At which Trask felt a sudden chill—a sure sign or symptom of his talent in action—but he didn’t know where it had come from or what it meant. All he knew was that there was a “truth” here somewhere, and that he shouldn’t have missed it.
But he had, perhaps because he really didn’t want to recognize it…
In Jambol there was a major Y junction, with roads heading off in both northwest and northeasterly directions. This wasn’t a problem; Liz and Millie were as one in their decision, and when Garvey linked with them telepathically, he readily agreed their choice of route. “The northeast fork it is,” he said.
Trask looked at his map and said, “Karnobat.”

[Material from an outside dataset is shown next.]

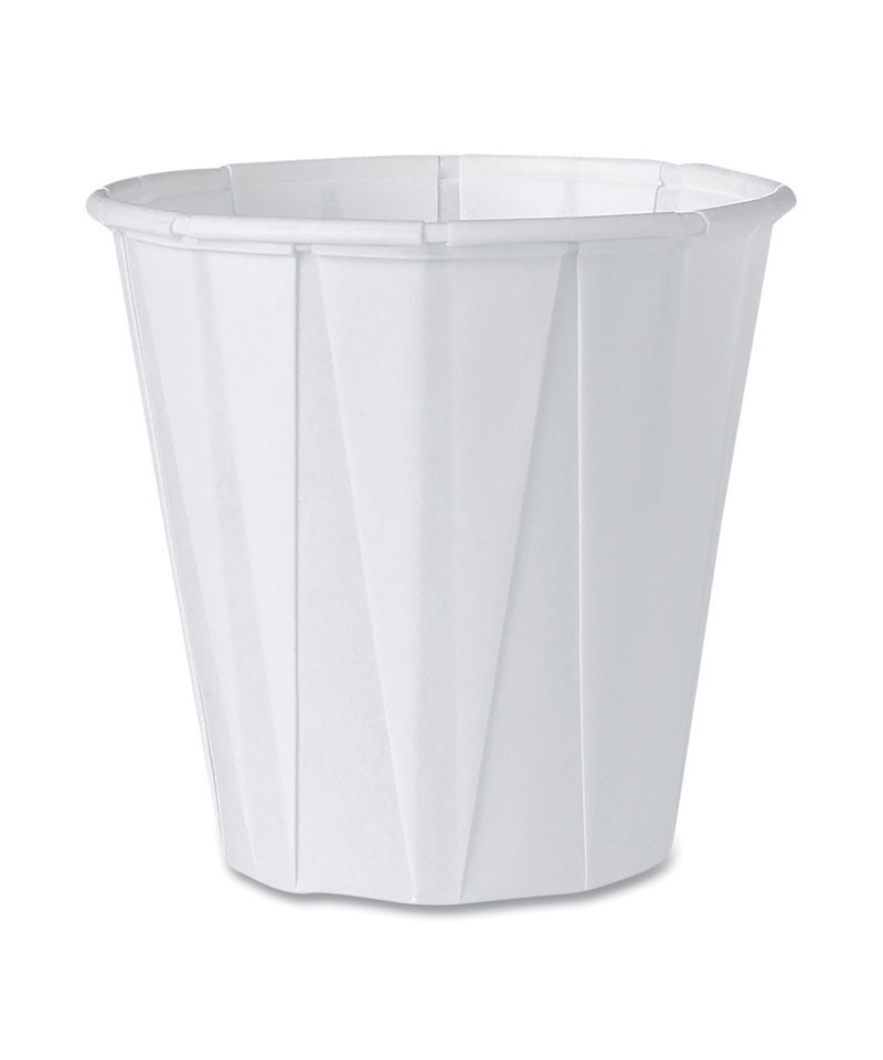 Treated, heavy-duty, multi-pleated paper cups hold up well against liquids. Rolled-wax rim maintains shape and tightness even when wet. Perfect for small servings of sauces and dressings-on premise.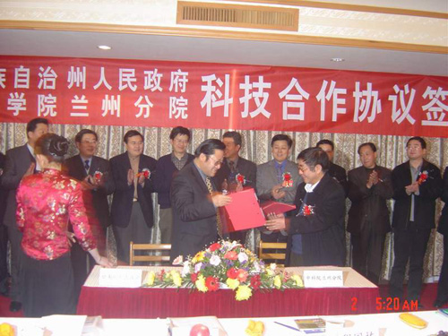 1月11日下午,在甘肃省十届人大二次会议和政协九届二次会议期间,兰州分院与甘南藏族自治州人民政府在兰州饭店签订了科技合作协议书。协议约定,双方以“优势互补、互惠互利、真诚合作、共同发展”为原则,重点围绕甘南州“双遗产”申报、黄河上游生态环境保护及综合治理、改造提升中藏药产业、农畜产品深加工、决策咨询研究和信息咨询服务等方面开展深入的合作,推动把甘南州建成一个经济效益、社会效益和生态效益并举的“特殊生态功能保护区”和“民族文化大州”。这是兰州分院贯彻“三个代表”重要思想和省委“一带两翼”战略的具体体现,也是落实新一轮省院科技合作协议的具体行动。

“Eh?” Lardis Lidesci grunted. “What’s that you say?”
“The name of a town,” Trask told him. “And it fits right in with the distance Liz specified.”
“Karnobat?” said Garvey, still driving. “Not only that, but it’s pretty descriptive, too. A carnivorous bat. In fact, three of them!”
“Well, that’s where they are,” said Liz and Millie together. “And as for their mindsmog, they’re not even trying to hide it. They have to be laying a trail for us, it’s as simple as that.”
“Ian.” Trask turned to the precog. “You said it was dark—in your forecast, I mean.”
“I said it felt dark,” said the other. “But that might have been my interpretation, the colour of my mood, the sheer terror that the vision inspired in me.”